Platelet Indices may be Correlated with Severity of Vasospastic Disorders

Background

Vasospastic disorders (VD) are common, with a prevalence of 3.3% to 22% in the general population [1]. This group of disorders can be classified into 2 subgroups according to etiologic factors. If there is an underlying etiologic systematic disorder, it is called secondary form, which is uncommon. The other form of this disorder, without any underlying etiologic factors, is called primary form, and is much more common [1,2].

Several studies described many diagnostic tools and screening tests for this disorder. Unfortunately, an objective, quantitative diagnostic method has not been defined yet. Most vasospastic disorder diagnosis still depends on the physical examination and several screening tests such as observation of triphasic color changes, measurement of finger systolic blood pressure, or finger-brachial index, plethysmography, and capillaroscopy [3]. In our institution, we use the cold stimulation test (CST), and we described our application technique in a previous paper [3]. In daily practice, several simple routine blood samples are analyzed in such group of patients, especially for distinguishing the primary and secondary forms.

Mean platelet volume (MPV) and platelet distribution width (PDW) are some of the blood analysis markers. These parameters are closely correlated with shapes, volumes, and functions of platelets.
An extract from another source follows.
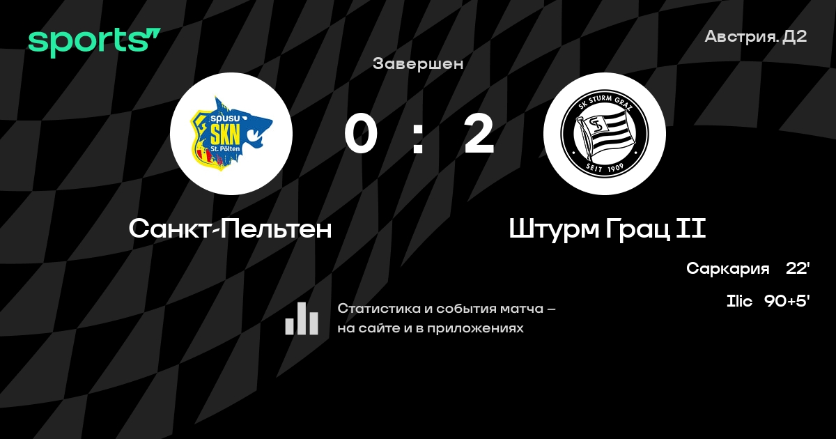 Результат прошлой игры в турнире «Вторая бундеслига»: Штурм Грац II – Адмира 3:1. После 11 туров Штурм Грац II набирает 14 очков и занимает 10 место в турнире. Лучший бомбардир команды – P. Kiedl: он забил 4 в 11 матчах. Штурм Грац II не проигрывает в 7 последних матчах в рамках турнира «Вторая бундеслига». В 5 последних матчах в турнире «Вторая бундеслига» Штурм Грац II обязательно забивает. Штурм Грац II пропускает в 4 последних матчах в турнире «Вторая бундеслига». В последних 5 играх Штурм Грац II забивает 14 голов. В последних 5 играх Штурм Грац II пропускает 8 голов.

In the literature there are many studies about the associations between these parameters in various systemic disorders, which will be discussed below.

In this study we aimed to determine the possible correlations between lymphocyte count, platelet indices, and the severity of vasospastic disorders.

Material and Methods

PATIENT’S SELECTION:

Between August 2012 and April 2014 data were collected from files of 102 patients admitted to our department with vasospastic disorder symptomatology.

After data collection, patients were divided into 2 groups according to their CST results. Group 1 consisted of 51 patients with rewarming time below 20 min (20-min included). Group 2 consisted of 51 patients who had rewarming time above 21 min. Systemic evaluation, including blood examinations, capillaroscopy, and Doppler ultrasonography, are routinely performed in our clinic to exclude secondary etiologic factors. Therefore, in this study we only included the patients with primary vasospastic disorders. Demographic data of patients and type and duration of symptoms were recorded.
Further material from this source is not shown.